Information:

_ _ _ _

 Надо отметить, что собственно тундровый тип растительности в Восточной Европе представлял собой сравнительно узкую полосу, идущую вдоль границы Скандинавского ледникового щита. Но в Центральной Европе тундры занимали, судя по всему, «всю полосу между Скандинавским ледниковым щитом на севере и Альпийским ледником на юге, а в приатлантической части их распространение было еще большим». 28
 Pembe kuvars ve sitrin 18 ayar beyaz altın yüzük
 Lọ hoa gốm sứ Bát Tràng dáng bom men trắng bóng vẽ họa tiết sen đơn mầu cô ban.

_ _ _ _

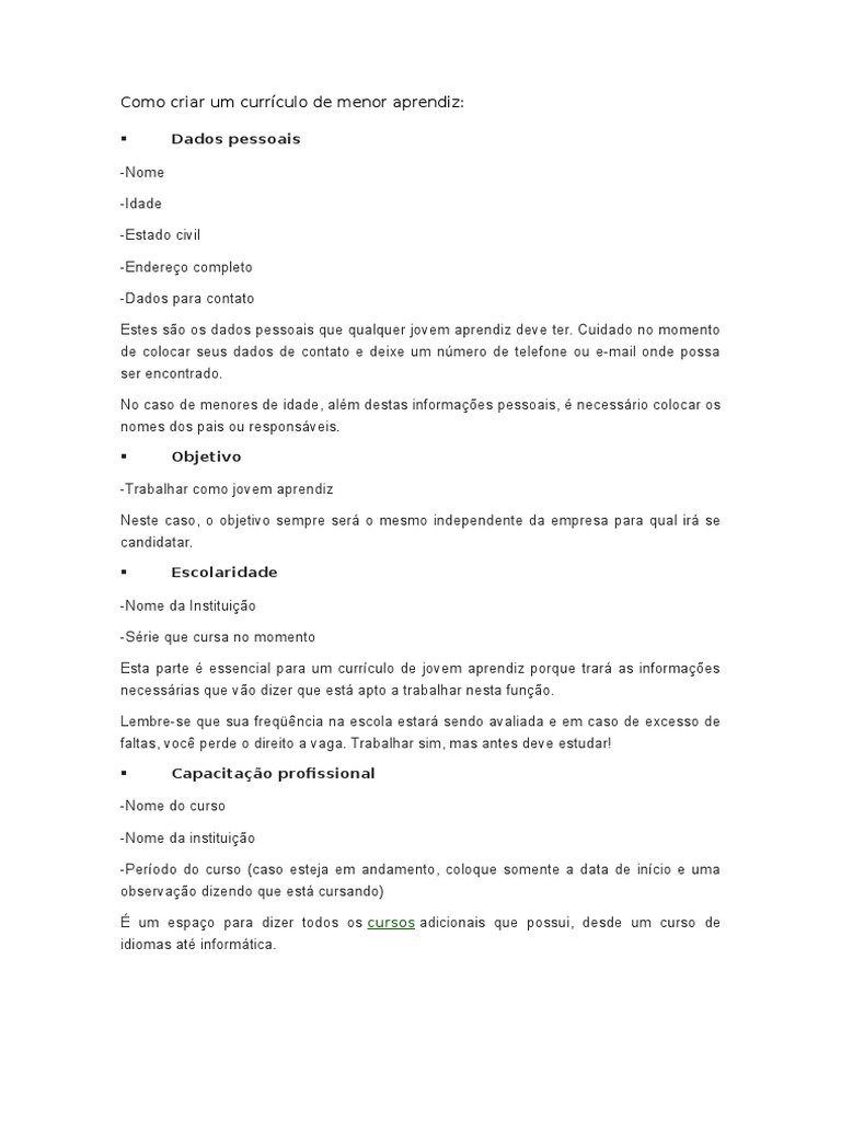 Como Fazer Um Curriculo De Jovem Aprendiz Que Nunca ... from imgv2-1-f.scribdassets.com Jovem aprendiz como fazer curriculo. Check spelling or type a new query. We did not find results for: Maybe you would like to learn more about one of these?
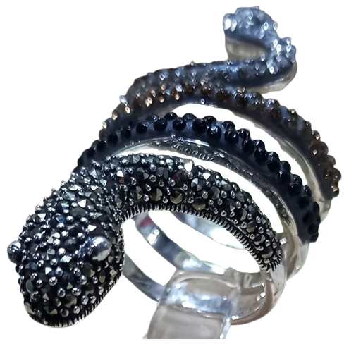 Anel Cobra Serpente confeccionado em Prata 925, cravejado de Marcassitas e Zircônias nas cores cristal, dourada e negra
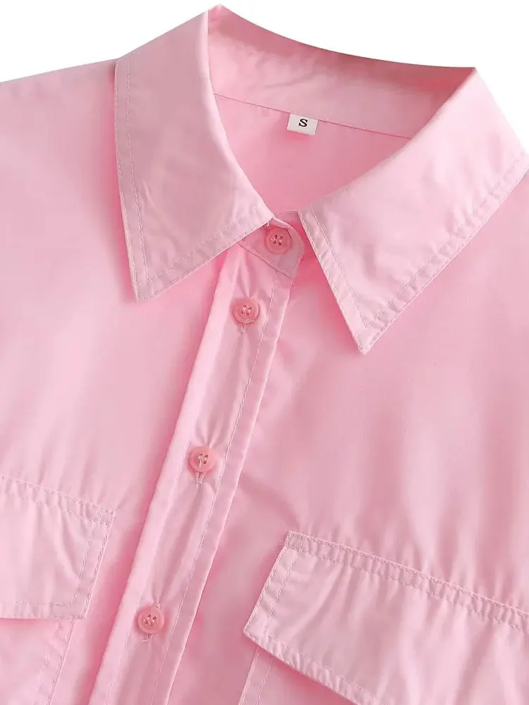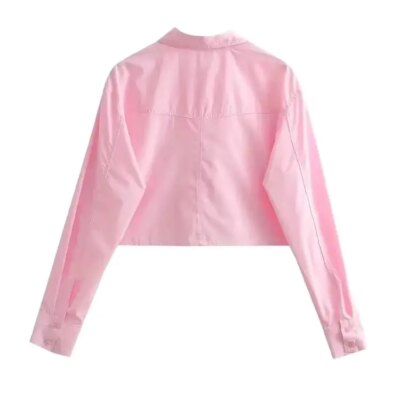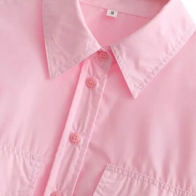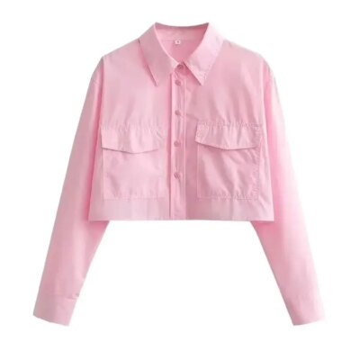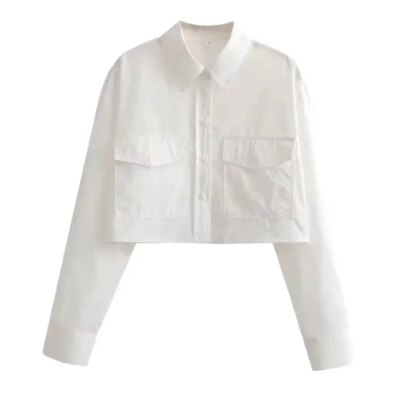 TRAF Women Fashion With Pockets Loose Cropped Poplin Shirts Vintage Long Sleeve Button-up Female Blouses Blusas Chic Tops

_ _ _ _

What needs to be done: Above are some entries; copy exactly the lines from the line with "Como Fazer Um" through the line with "Anel Cobra Serpente", both included, but none of the pictures.

Expected answer:
 Como Fazer Um Curriculo De Jovem Aprendiz Que Nunca ... from imgv2-1-f.scribdassets.com Jovem aprendiz como fazer curriculo. Check spelling or type a new query. We did not find results for: Maybe you would like to learn more about one of these?
 Anel Cobra Serpente confeccionado em Prata 925, cravejado de Marcassitas e Zircônias nas cores cristal, dourada e negra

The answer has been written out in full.